Elaborate on results

Visualize the output

By default, caspailleur outputs the data stored in frozensets. So let us drop all mentions of frozensets from the output to make it more concise.

# Prettifying the output
import re
to_print = '\n'.join([f"{k}: {v}" for k, v in data_dict.items()])
to_print = to_print.replace('frozenset()', 'set()')
for _ in re.findall(r"frozenset\(.+?\)", to_print):
    to_print = re.sub(r"frozenset\((.+?)\)", r"\g<1>", to_print)
print(to_print)

intents: [set(), {0}, {1}, {2}, {0, 1}, {0, 3}, {1, 2}, {0, 1, 2, 3}]
keys: {set(): 0, {0}: 1, {1}: 2, {2}: 3, {3}: 5, {0, 1}: 4, {0, 2}: 7, {1, 2}: 6, {1, 3}: 7, {2, 3}: 7}
passkeys: {set(): 0, {0}: 1, {1}: 2, {2}: 3, {3}: 5, {0, 1}: 4, {0, 2}: 7, {1, 2}: 6, {1, 3}: 7, {2, 3}: 7}
pseudo_intents: {{3}: 5, {0, 2}: 7, {0, 1, 3}: 7}
proper_premises: {{3}: 5, {0, 2}: 7, {1, 3}: 7, {2, 3}: 7}
intents_ordering: [set(), {0}, {0}, {0}, {1, 2}, {1}, {2, 3}, {4, 5, 6}]
linearity: 0.6428571428571429
distributivity: 0.75

Dataset

The example dataset contains 16 rows (a.k.a. objects) and 4 columns (a.k.a. attributes). The rows represent animals, and the columns show the actions the animals can perform. For example, "dove" can "fly", but cannot "hunt".

print(df.to_markdown().replace('1','X').replace('0',' '))
fly hunt run swim
dove X
hen
duck X X
goose X X
owl X X
hawk X X
eagle X X
fox X X
dog X
wolf X X
cat X X
tiger X X
lion X X
horse X
zebra X
cow

Verbose functions

First, let us define functions to match column indices with column names.

def verbose(indices, names, empty_symbol='∅'):
    return ', '.join([names[i] for i in sorted(indices)]) if indices else empty_symbol

def unpack_gens_dict(gens_dict, intents, show_difference: bool = True):
    dct = {k: intents[intent_i] for k, intent_i in gens_dict.items()}
    if show_difference:
        return {k: v-k for k, v in dct.items()}
    return dct

Intents

Intents are maximal attribute sets that describe specific subsets of objects. Intents are also known as "closed descriptions" and "closed itemsets".

print('\n'.join([verbose(intent, df.columns) for intent in data_dict['intents']]))


fly
hunt
run
fly, hunt
fly, swim
hunt, run
fly, hunt, run, swim

For example, attributes "fly, swim" are all the attributes that describe "duck, goose".

Intents ordering

Intents can be ordered by set inclusion operation.
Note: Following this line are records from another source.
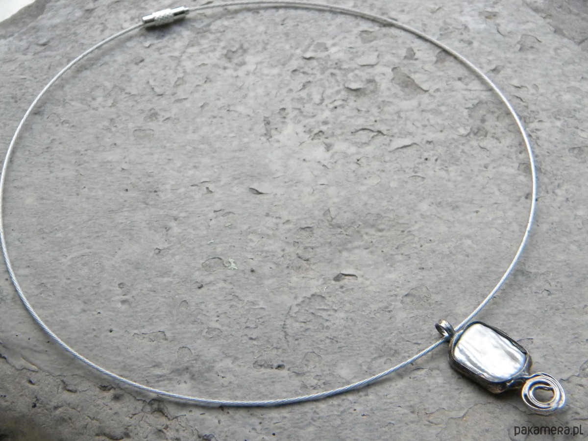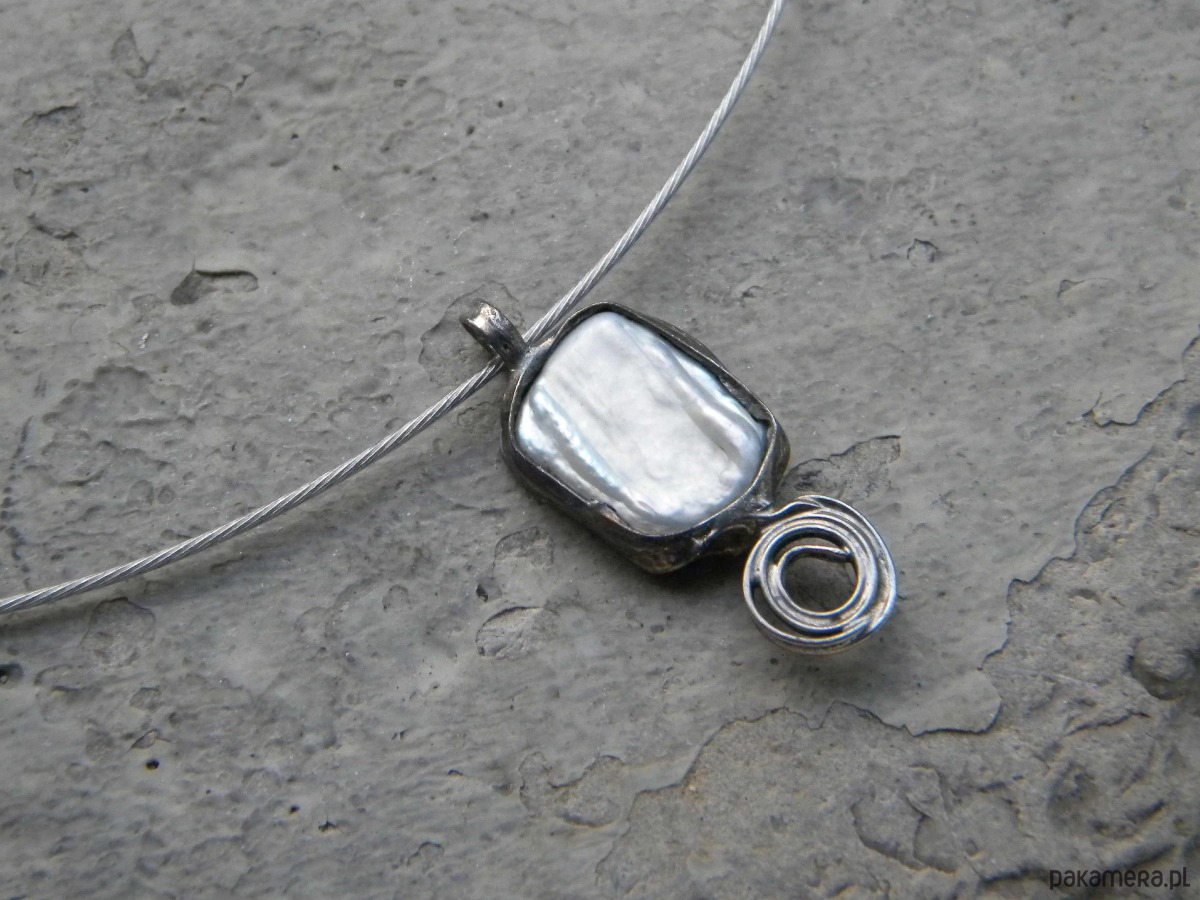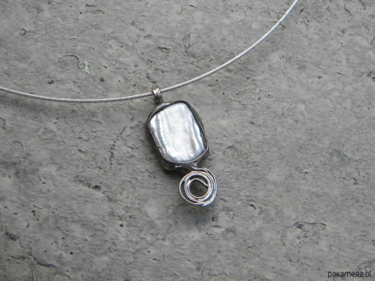 Biała perła z zawijaskiem - naszyjnik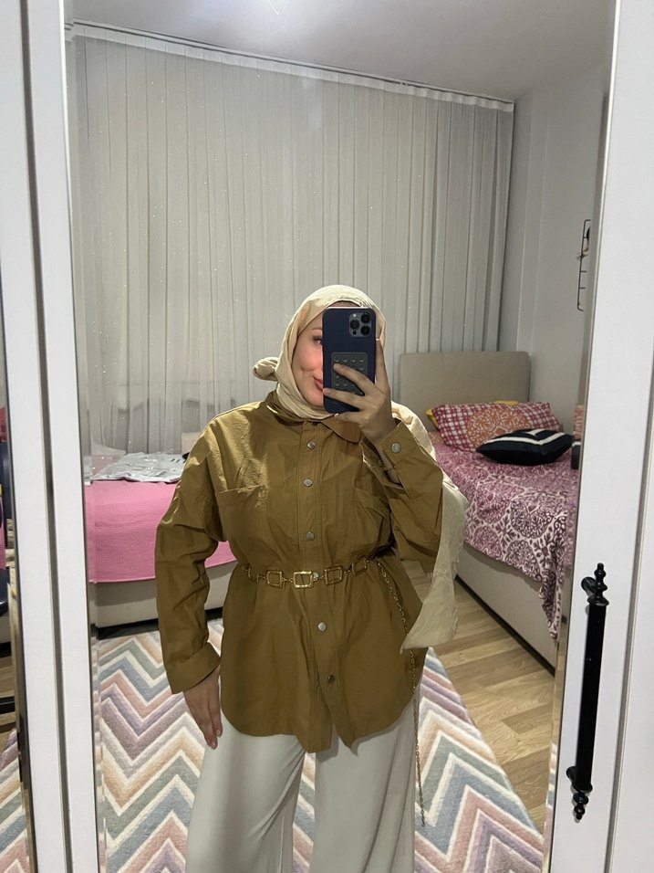 Hem ceket hem gömlek tarzında bir giysi. Yalnızca iki kez giydim. Camel Hardal gibi çok hoş bir rengi var. Hiç bir deformasyonu yoktur. S-M bedendir Marka temsilidir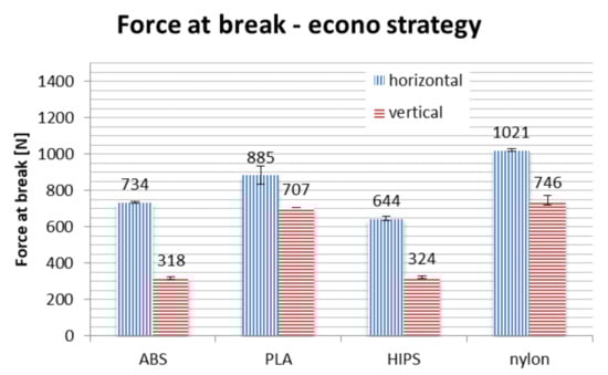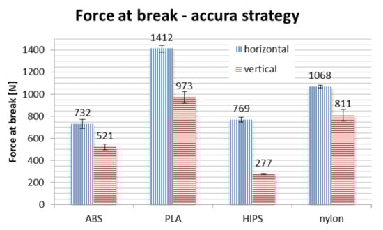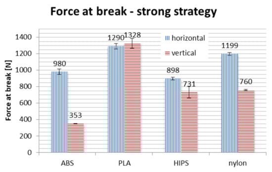 Results of strength testing divided by strategies, for different materials and orientations, are shown in Figure 16, Figure 17 and Figure 18 and in Table 3.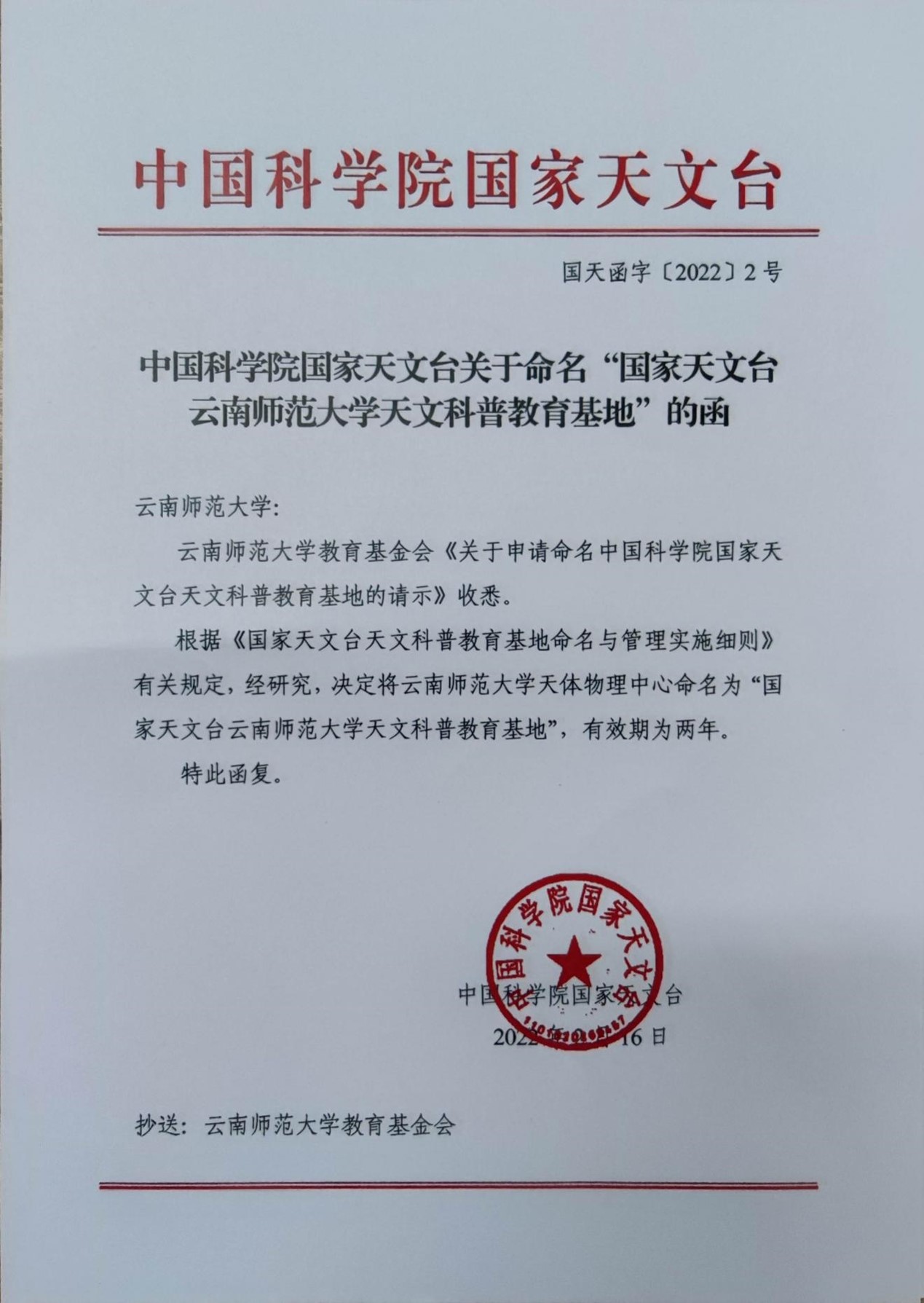 中国科学院国家天文台根据《国家天文台天文科普教育基地命名与管理实施细则》有关规定,于2022年1月12日在中国科学院国家天文台官方网站公布了《关于命名国家天文台云南师范大学天文科普教育基地的公示》。公示结束后,于2022年2月16日决定将云南师范大学天体物理中心命名为“国家天文台云南师范大学天文科普教育基地”,有效期为两年。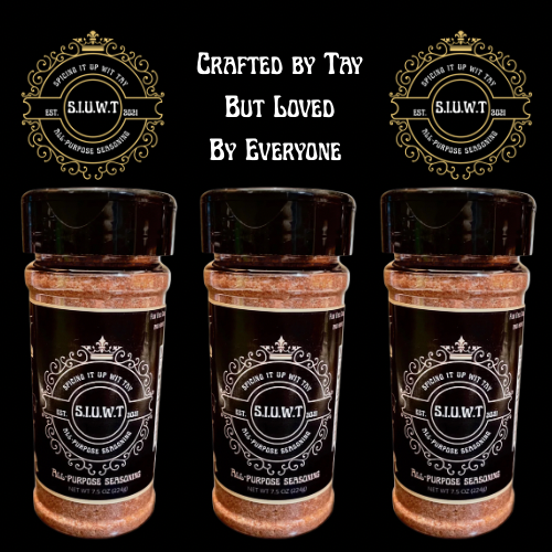 Meet Spicing It Up Wit TAY (S.I.U.W.T)—a family-built Alabama brand shaking up kitchens since 2021. Our handcrafted blend of herbs and spices is made to wake up your taste buds and transform ordinary meals into flavor-packed favorites. One taste and you’ll understand why we say our seasoning is one of the best out there. Trust us… your food will thank you.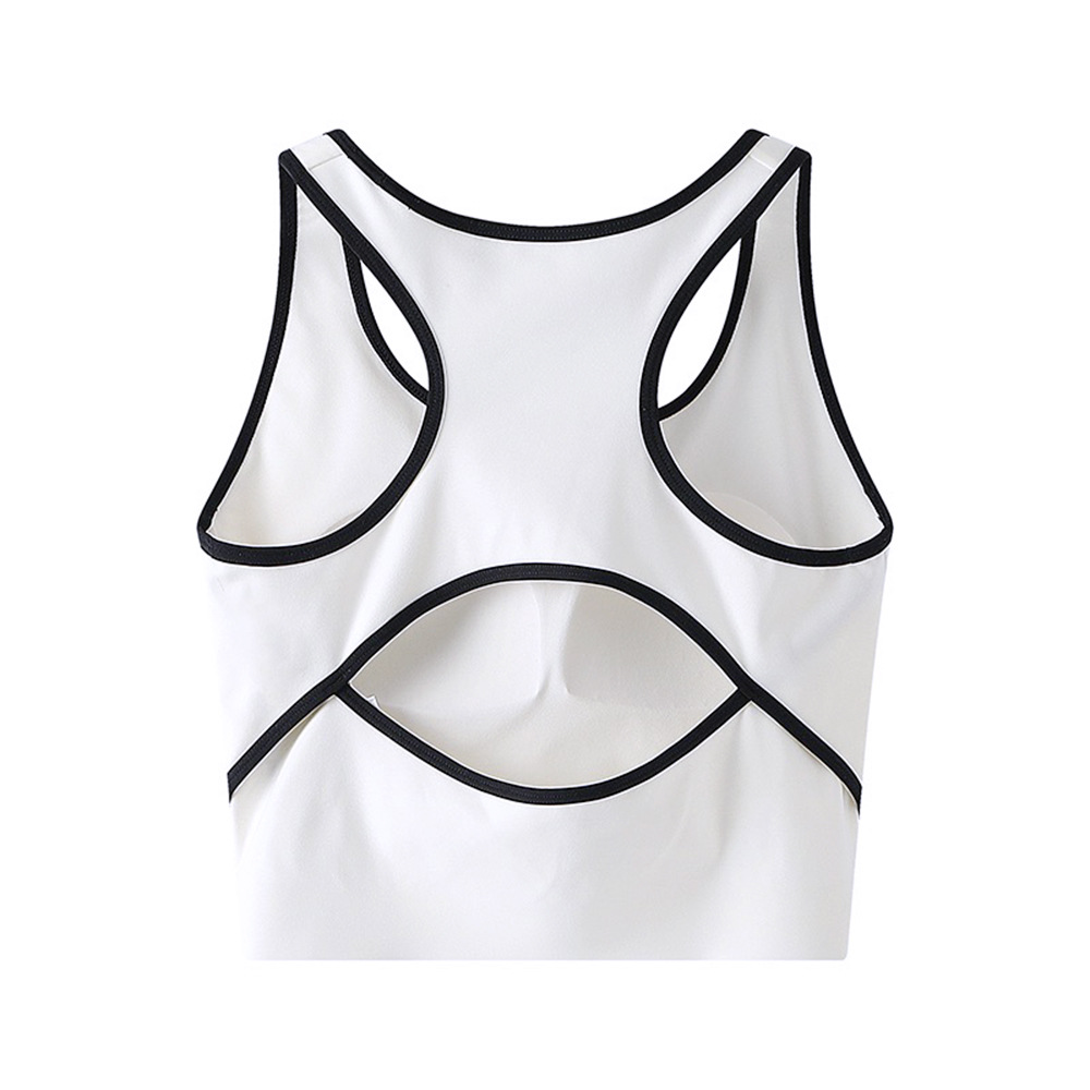 뜨거운 소녀 스포츠 대비 색상 조끼 여자의 내부 새로운 미국 등이없는 조끼 겉옷 피트니스 요가 조끼 가슴 패드스토어 가기

Their order can be represented with line diagram:

graph TD; A[fa:fa-empty-set];
B[fly];
C[hunt];
D[run];
E[fly, hunt];
F[fly, swim];
G[hunt, run];
H[fly, hunt, run, swim];A --> B;
A --> C;
A --> D;
B --> E;
C --> E;
B --> F;
C --> G;
D --> G;
E --> H;
F --> H;
G --> H;

In case the diagram is not compiling, visit the GitHub version of README: https://github.com/EgorDudyrev/caspailleur

The diagram was constructed with the following code:

def construct_mermaid_diagram(ordering, intents):
    node_names = 'ABCDEFGHIJKLMNOPQRSTUVWXYZ'

    defining_nodes = '\n'.join([
        f'{node_name}[{verbose(intent, df.columns, empty_symbol="fa:fa-empty-set")}];'
        for node_name, intent in zip(node_names, intents)]
    )

    defining_edges = '\n'.join([
        f'{node_names[parent_i]} --> {node_names[intent_i]};'
        for intent_i, parents in enumerate(ordering) for parent_i in parents]
    )
    
    diagram = f"graph TD; "+defining_nodes + defining_edges
    return diagram

print(construct_mermaid_diagram(data_dict['intents_ordering'], data_dict['intents']))

Keys and passkeys

Keys are minimal subsets of attributes that describe specific subsets of objects. And passkeys are keys of minimal cardinality.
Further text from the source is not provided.